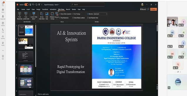 A webinar titled “AI & Innovation Sprints: Rapid Prototyping for Digital Transformation” was organized by the Department of Civil Engineering in association with the Institution’s Innovation Council (IIC), Paavai Engineering College (Autonomous), on 21.02.2026. Ms. Jannathul Roshni, a third-year student, welcomed the gathering, and Ms. R. Priyadharshin, also a third-year student, delivered the Chief Guest introduction.
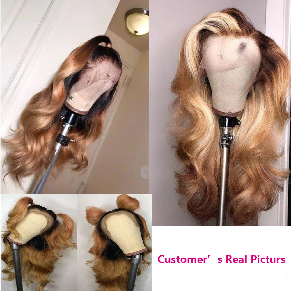 Объемная волна, блонд, кружевной передний парик, человеческие волосы, кружевные передние парики, 30 дюймов, цветной парик, темные корни, блонд, парик, человеческие волосы, Hd, бесклеевой парик
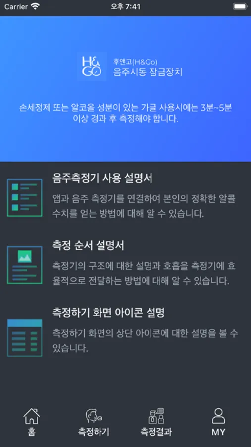 1. 음주측정기와 시동잠금장치를 제어하는 앱입니다.
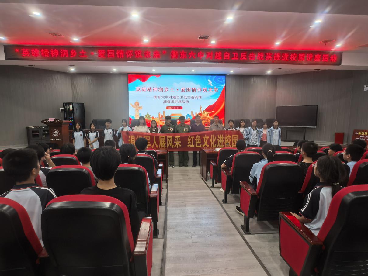 9月份,衡東縣組織榮立二等戰功、六級戰殘等親歷邊境戰爭的戰斗英雄走進縣第一、第六、第九中學,為6000余名師生開展愛國主義教育和國防教育巡回宣講。
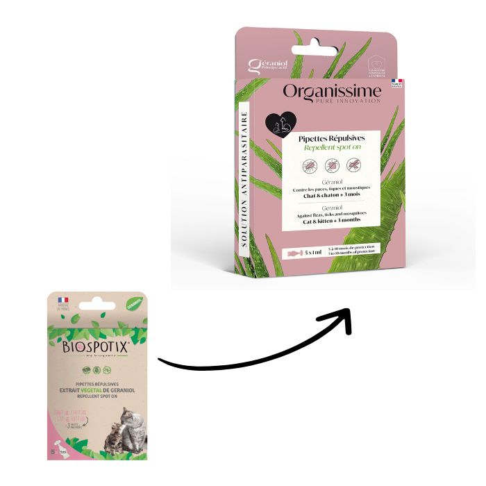 Biospotix is een natuurlijk en een efficiënte oplossing om je kat en zijn omgeving te beschermen tegen ectoparasieten: vlooien, teken, muggen, larven van de herfstmijt en andere schadelijke insecten. De producten zijn samengesteld uit biologische bestanddelen en natuurlijke ingrediënten. Ze hebben geen contra-indicaties en kunnen volkomen veilig op uw huisdieren worden gebruikt. Gegarandeerd zonder parabeen, zonder phenoxylethanol en zonder dierlijke oliën. Dankzij een plantaardige samenstelling op basis van geraniol en natuurlijke etherische oliën, functioneert het product op mechanische wijze door de luchtwegen van de schadelijke insecten te blokkeren, waardoor ze stikken. Dus de teek zal wel bijten maar de longen zullen binnen de 12 uur verkrampen waardoor het insect zal sterven. Biospotix is ook één van de betere middelen die de eieren en larven uitdroogt. De pipet zorgt voor een onmiddellijke en langdurige werking gedurende 4 weken.
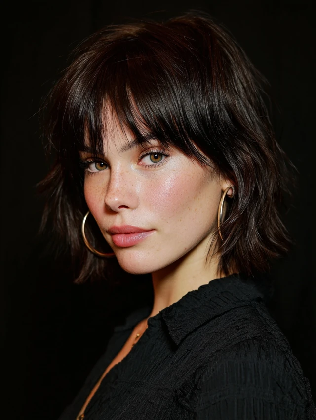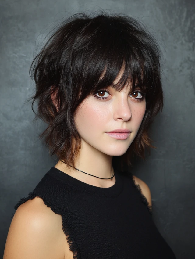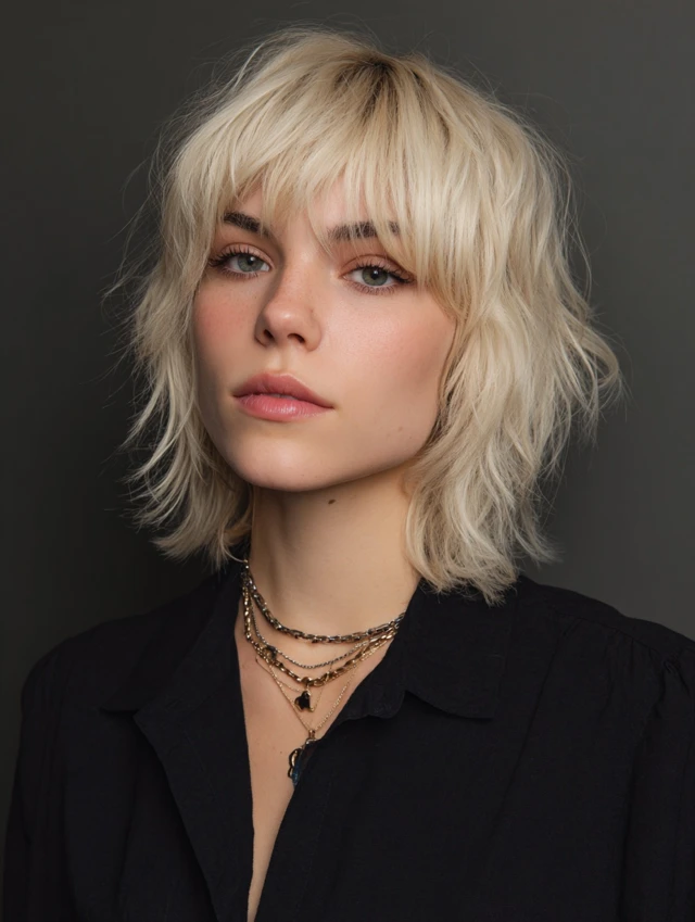 Wispy bangs soften the face while shaggy layers add movement.
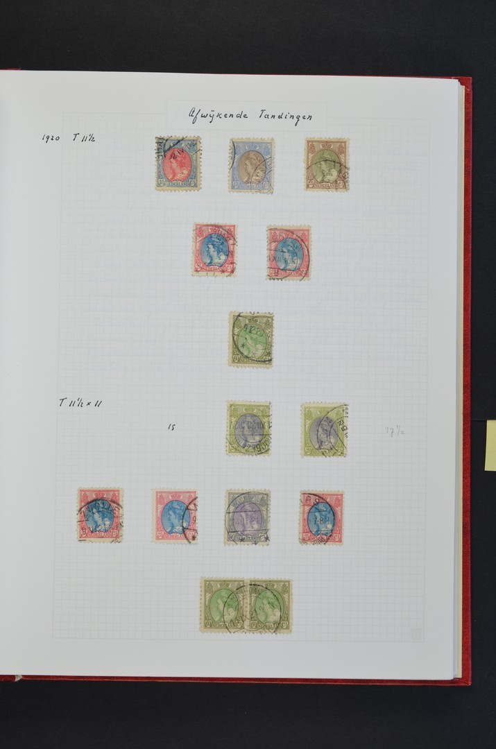 1899-1921, Emissie Bontkraag (excl. nr. 80, incl. nrs. 102/03, 106), meest gebruikte, gespecialiseerde verzameling met blokken, typen, tandingen, papiersoorten, kleurschakeringen, iets verschoven medaillons, plaatfouten (zeer uitgebreid van de 5 cent nr. 60) w.o. hogere genoteerde, gedocumenteerd opgezet op bladen in album. Heeft als studiemateriaal en ter illustratie gediend voor behandeling in HPN
= = = = = = =
Every line above should be retyped exactly; the pictures do not belong in the copy.

Output for this task:
 A webinar titled “AI & Innovation Sprints: Rapid Prototyping for Digital Transformation” was organized by the Department of Civil Engineering in association with the Institution’s Innovation Council (IIC), Paavai Engineering College (Autonomous), on 21.02.2026. Ms. Jannathul Roshni, a third-year student, welcomed the gathering, and Ms. R. Priyadharshin, also a third-year student, delivered the Chief Guest introduction.
 Объемная волна, блонд, кружевной передний парик, человеческие волосы, кружевные передние парики, 30 дюймов, цветной парик, темные корни, блонд, парик, человеческие волосы, Hd, бесклеевой парик
 1. 음주측정기와 시동잠금장치를 제어하는 앱입니다.
 9月份,衡東縣組織榮立二等戰功、六級戰殘等親歷邊境戰爭的戰斗英雄走進縣第一、第六、第九中學,為6000余名師生開展愛國主義教育和國防教育巡回宣講。
 Biospotix is een natuurlijk en een efficiënte oplossing om je kat en zijn omgeving te beschermen tegen ectoparasieten: vlooien, teken, muggen, larven van de herfstmijt en andere schadelijke insecten. De producten zijn samengesteld uit biologische bestanddelen en natuurlijke ingrediënten. Ze hebben geen contra-indicaties en kunnen volkomen veilig op uw huisdieren worden gebruikt. Gegarandeerd zonder parabeen, zonder phenoxylethanol en zonder dierlijke oliën. Dankzij een plantaardige samenstelling op basis van geraniol en natuurlijke etherische oliën, functioneert het product op mechanische wijze door de luchtwegen van de schadelijke insecten te blokkeren, waardoor ze stikken. Dus de teek zal wel bijten maar de longen zullen binnen de 12 uur verkrampen waardoor het insect zal sterven. Biospotix is ook één van de betere middelen die de eieren en larven uitdroogt. De pipet zorgt voor een onmiddellijke en langdurige werking gedurende 4 weken.
 Wispy bangs soften the face while shaggy layers add movement.
 1899-1921, Emissie Bontkraag (excl. nr. 80, incl. nrs. 102/03, 106), meest gebruikte, gespecialiseerde verzameling met blokken, typen, tandingen, papiersoorten, kleurschakeringen, iets verschoven medaillons, plaatfouten (zeer uitgebreid van de 5 cent nr. 60) w.o. hogere genoteerde, gedocumenteerd opgezet op bladen in album. Heeft als studiemateriaal en ter illustratie gediend voor behandeling in HPN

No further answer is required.